Personally I wouldn’t be going vacations this year even if you paid me too. I just do not understand how someone can actually relax in such a nebulous situation, but hey, since we offer “consequence free tourism”, there are bound to be a lot of “worry free” people that will show up.

And that is the real secret of any good papatza. One the one side you have someone that is trying to pull wool over someone’s eyes and on the other side there is someone going “some wool over my eyes might be nice now” :wink:

2 Likes

Έλιωσα ρε συ δευτεριάτικα!!!

1 Like

Fascinating insights @Gia and @JethOrensin. This is the sort of thing that’s interesting for me.

I understood the would be some kind of vaccination certificate or negative test requirement but as you say, hardly foolproof and you make it sound like there will be a lot of fools to proof… Many of them from the UK in all likelihood.

3 Likes

Many of them from the UK in all likelihood.

Well, a lot of them notoriously come to Greece to have the epitomy of a “consequence free” vacation, usually involving a lot of alcohol and later passing out in the streets, if they are lucky (the unlucky ones either have fights or sex they cannot remember in the morning :face_with_head_bandage:).

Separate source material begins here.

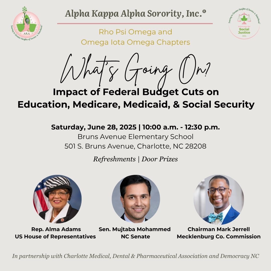 June 28: Alpha Kappa Alpha panel discussion on federal budget cuts, 10 a.m.-12:30 p,m. Bruns Ave Elementary, 501 S. Bruns Ave.

So, one could say that they already have a negligent and “meh, whatever” attitude, that is needed in this case in order to travel, but it is definitely not the correct mindset in a “let’s be careful and have some nice cozy vacations” which the situation calls for.

Funny enough, Bill Maher had a segment this week about “raising awareness” and he made a great quip about Budweiser “existing in this planet to reduce our awareness, not raise it. That’s its job” or something like that. I think that is a point that is quite fitting in this matter.

2 Likes

From what I’ve seen, most countries prioritize elder citizens, high-risk citizens and essential workers (who probably won’t get a vacation anyway).

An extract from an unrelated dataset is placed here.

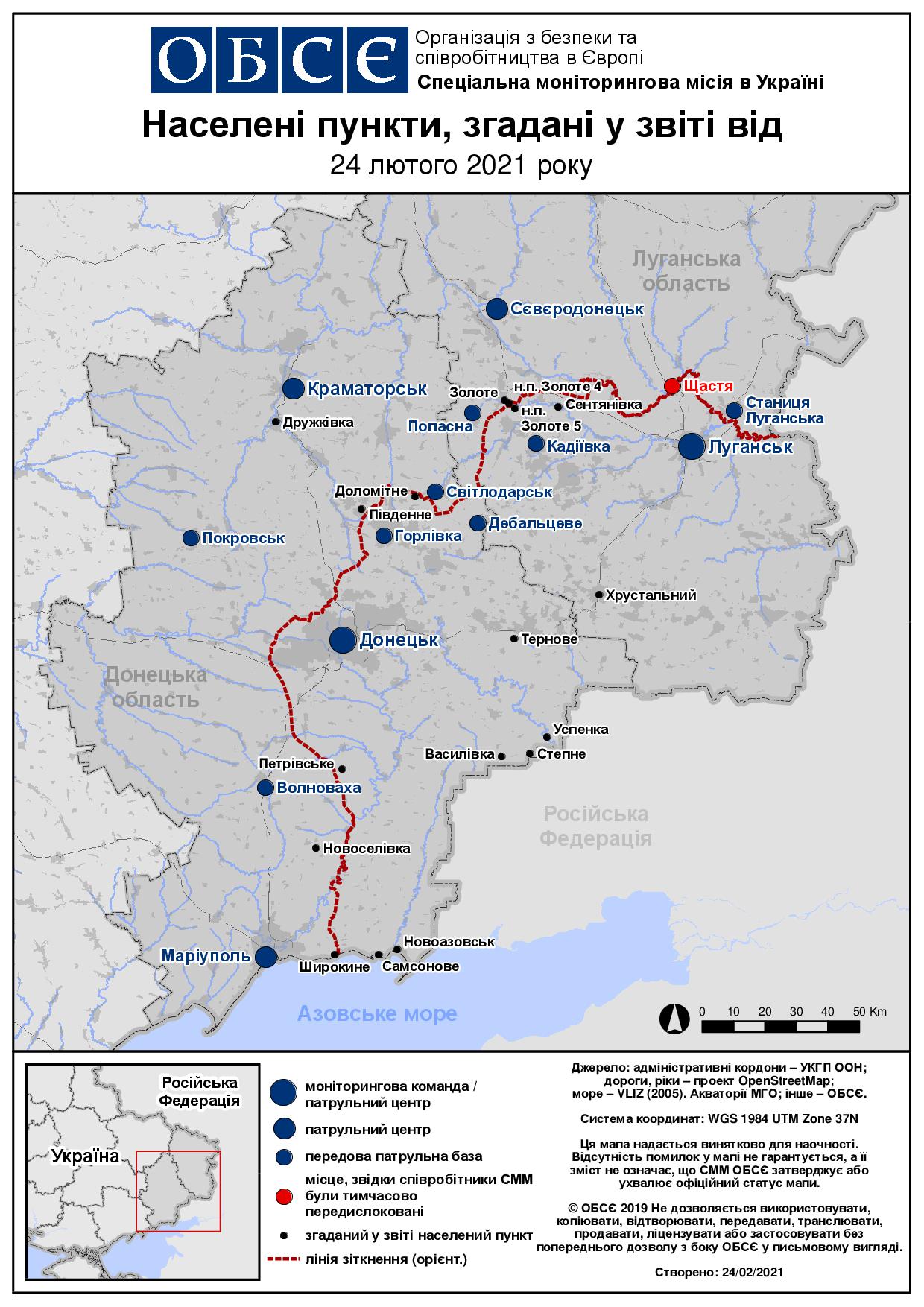Щоденний звіт № 44/2021, опублікований Спеціальною моніторинговою місією ОБСЄ в Україні (СММ) 24 лютого 2021 року

So, imagine high risk and old people being the bulk of tourists everywhere, very few families, young couples non-existent because no work/ money. It’s going to be fascinating (not).

2 Likes

Our prioritisation is published here (in Dutch): Coronaprik | Vaccinatie tegen het coronavirus | Rijksoverheid.nl, which is still subject to change (depending on supply and suitability of vaccines for different groups).

Short summary in English:

Start Vaccine Health Care Workers for … General Population
Jan Pfizer Covid Care / Ambulance / Nursing Homes Mentally Disabled / Older than 65
Jan AstraZeneca GPs / Revalidation / Disabled / Mental Disorders Mental Disorders / Age 60-65
March Pfizer/AstraZeneca Social Health Care Age 18-59 with increased health risk
May AstraZeneca Other Age 18-59
3 Likes

By June a lot of people will either have recieved a vaccine or will be able to be tested easily, so I do not think that younger people will not come. Besides, we ourselves might be more “accommodating” and since we will be “covid free”, we can be our usual famous “less strict” selves and let people in with fewer precautions.

For example, instead of testing a whole family, they might test only the parents or just one parent, as a sample. Clear one? Pass the whole family.

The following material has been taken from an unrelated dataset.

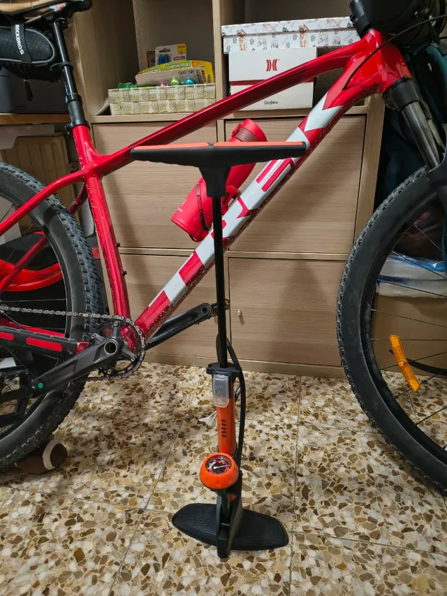 Bomba de aire de pie para bicicletas, con manómetro integrado. - Base ancha para mayor estabilidad. - Mango ergonómico. - Manguera flexible.

Before you balk at the idea, the whole thing came to me due to a dialogue I had yesterday in the street with someone that is a bit older than me and comes to train at basketball, but was absent for some weeks.
Him: - well, I hadn’t been coming lately, I was a bit ill.
Me: - Did you go do a test for Covid?
– Nah, it was not Covid.
– How’d you know?
– My fiancee had to do the test a couple of times. If it was covid, she would have had it too, right?
– Riiiiight.

Now, I’ll be the first to admit that this actually IS a strictly personal anecdote, but can’t you just see it becoming “official policy” with great ease, in our country? :wink:

2 Likes

Our season will start roughly in June (guess), I’m not sure enough young people to sustain this will be vaccinated by then AND be the ones that aren’t essential workers (prioritized) AND be the ones with jobs and money for vacation. Some countries may, some are circuses like us.

And we may be accommodating to accept them, I don’t know if their countries will be accommodating to take them back.